[INFORMATION — start]

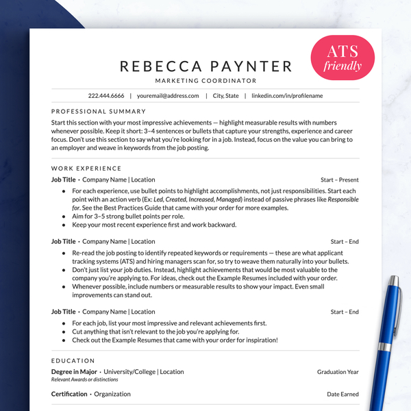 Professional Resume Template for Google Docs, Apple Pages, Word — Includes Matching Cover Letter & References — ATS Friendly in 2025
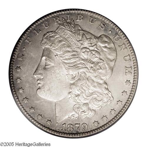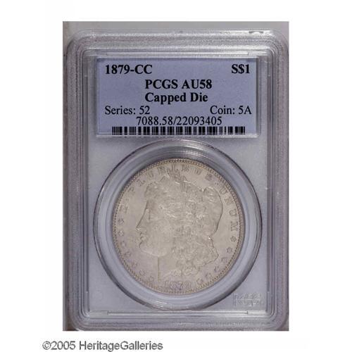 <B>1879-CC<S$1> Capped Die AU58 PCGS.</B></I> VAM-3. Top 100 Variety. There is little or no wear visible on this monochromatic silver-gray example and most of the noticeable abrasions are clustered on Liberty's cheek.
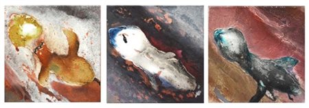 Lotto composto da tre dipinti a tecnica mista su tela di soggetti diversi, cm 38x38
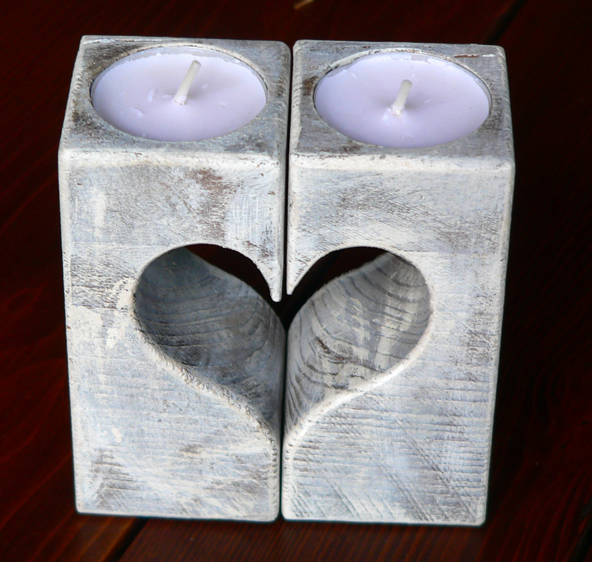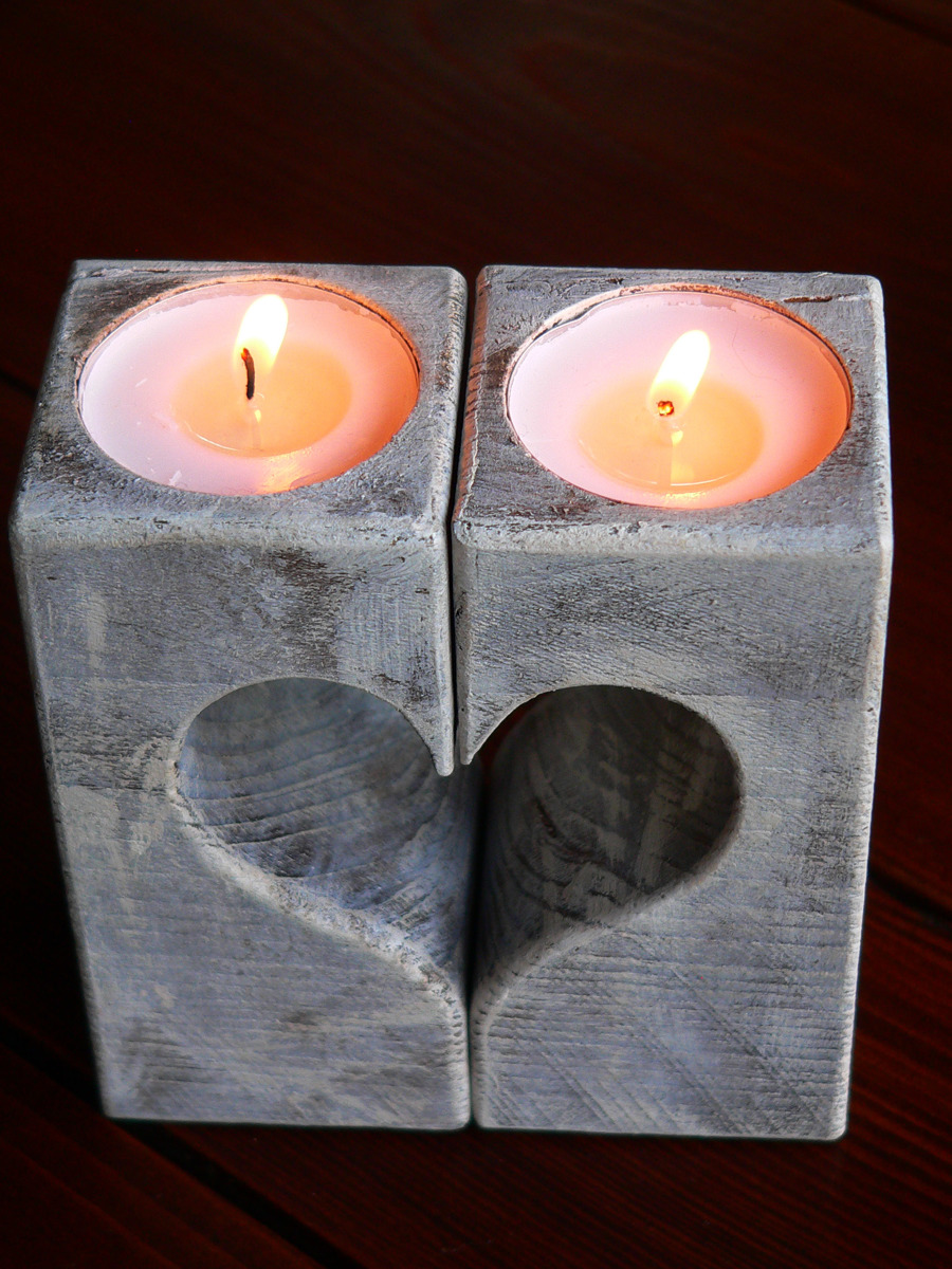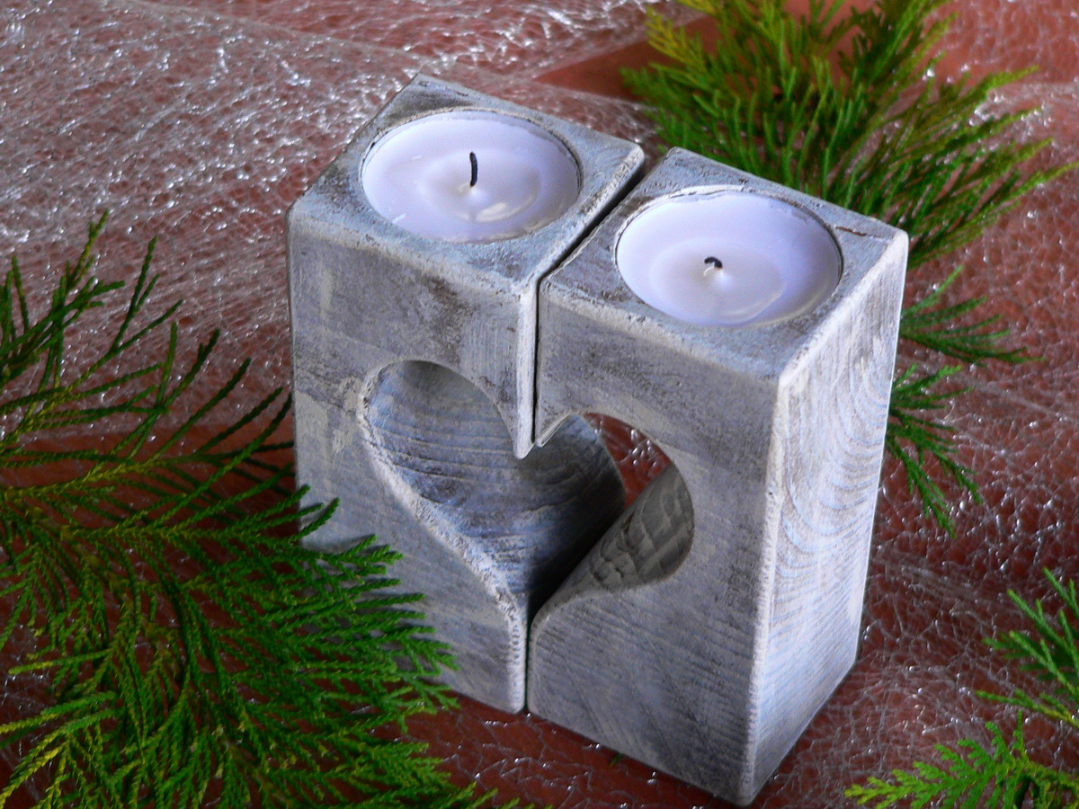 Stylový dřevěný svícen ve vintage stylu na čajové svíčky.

[INFORMATION — finish]
[INFORMATION — start]

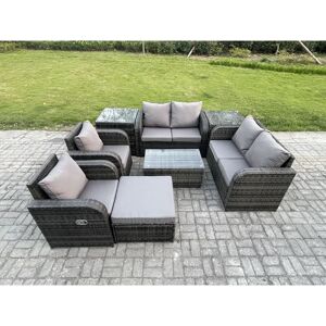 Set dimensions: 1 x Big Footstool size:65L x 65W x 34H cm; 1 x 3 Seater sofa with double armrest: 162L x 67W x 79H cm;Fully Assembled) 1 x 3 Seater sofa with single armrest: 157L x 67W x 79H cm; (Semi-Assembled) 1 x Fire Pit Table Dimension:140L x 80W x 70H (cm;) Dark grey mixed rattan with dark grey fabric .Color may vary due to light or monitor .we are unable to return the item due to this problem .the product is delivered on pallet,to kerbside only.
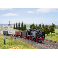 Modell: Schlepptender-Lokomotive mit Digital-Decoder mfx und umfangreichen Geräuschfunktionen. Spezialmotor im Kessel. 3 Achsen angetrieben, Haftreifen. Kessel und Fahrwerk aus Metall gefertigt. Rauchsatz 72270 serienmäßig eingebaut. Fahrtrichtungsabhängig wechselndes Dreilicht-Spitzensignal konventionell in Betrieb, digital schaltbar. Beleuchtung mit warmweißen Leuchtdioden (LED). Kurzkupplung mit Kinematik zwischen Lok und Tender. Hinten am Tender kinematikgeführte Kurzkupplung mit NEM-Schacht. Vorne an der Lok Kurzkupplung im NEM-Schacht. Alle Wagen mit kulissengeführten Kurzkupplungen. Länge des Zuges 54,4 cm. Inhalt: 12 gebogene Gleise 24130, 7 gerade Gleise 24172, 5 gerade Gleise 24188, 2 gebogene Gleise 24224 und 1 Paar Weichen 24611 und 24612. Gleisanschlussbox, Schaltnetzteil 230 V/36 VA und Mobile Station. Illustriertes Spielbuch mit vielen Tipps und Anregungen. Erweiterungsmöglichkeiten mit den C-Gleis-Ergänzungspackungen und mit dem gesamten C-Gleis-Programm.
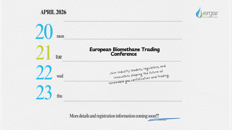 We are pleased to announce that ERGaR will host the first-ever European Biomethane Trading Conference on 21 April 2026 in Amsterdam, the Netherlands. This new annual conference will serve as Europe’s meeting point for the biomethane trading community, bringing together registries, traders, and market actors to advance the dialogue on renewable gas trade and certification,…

[INFORMATION — finish]
[INFORMATION — start]

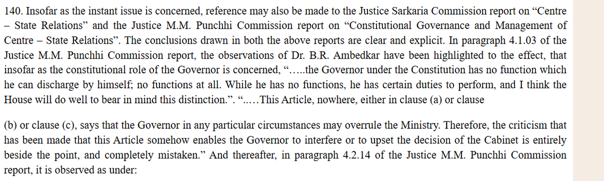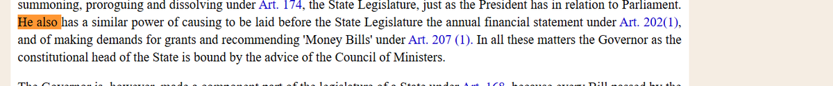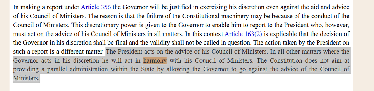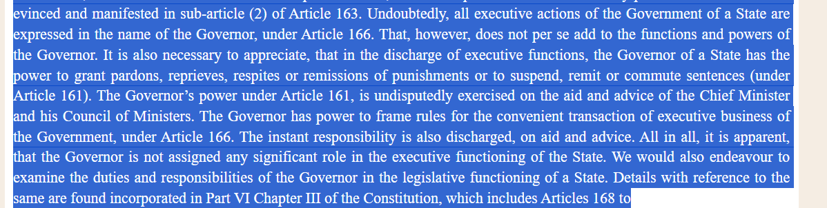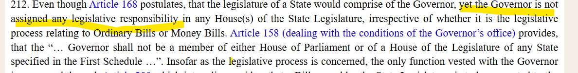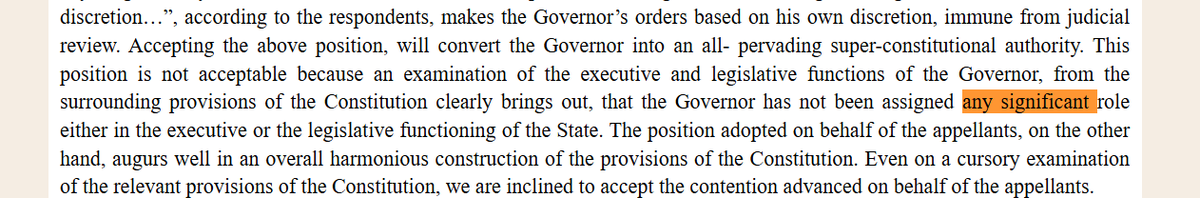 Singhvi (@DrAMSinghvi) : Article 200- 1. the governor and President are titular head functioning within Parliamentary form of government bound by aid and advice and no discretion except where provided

[INFORMATION — finish]

▶ [WHAT IS EXPECTED]: Drop the pictures; return the lines above from the line containing "Modell: Schlepptender-Lokomotive mit" to the line containing "We are pleased", both included, exactly.

▶ [WRITTEN ANSWER]:
 Modell: Schlepptender-Lokomotive mit Digital-Decoder mfx und umfangreichen Geräuschfunktionen. Spezialmotor im Kessel. 3 Achsen angetrieben, Haftreifen. Kessel und Fahrwerk aus Metall gefertigt. Rauchsatz 72270 serienmäßig eingebaut. Fahrtrichtungsabhängig wechselndes Dreilicht-Spitzensignal konventionell in Betrieb, digital schaltbar. Beleuchtung mit warmweißen Leuchtdioden (LED). Kurzkupplung mit Kinematik zwischen Lok und Tender. Hinten am Tender kinematikgeführte Kurzkupplung mit NEM-Schacht. Vorne an der Lok Kurzkupplung im NEM-Schacht. Alle Wagen mit kulissengeführten Kurzkupplungen. Länge des Zuges 54,4 cm. Inhalt: 12 gebogene Gleise 24130, 7 gerade Gleise 24172, 5 gerade Gleise 24188, 2 gebogene Gleise 24224 und 1 Paar Weichen 24611 und 24612. Gleisanschlussbox, Schaltnetzteil 230 V/36 VA und Mobile Station. Illustriertes Spielbuch mit vielen Tipps und Anregungen. Erweiterungsmöglichkeiten mit den C-Gleis-Ergänzungspackungen und mit dem gesamten C-Gleis-Programm.
 We are pleased to announce that ERGaR will host the first-ever European Biomethane Trading Conference on 21 April 2026 in Amsterdam, the Netherlands. This new annual conference will serve as Europe’s meeting point for the biomethane trading community, bringing together registries, traders, and market actors to advance the dialogue on renewable gas trade and certification,…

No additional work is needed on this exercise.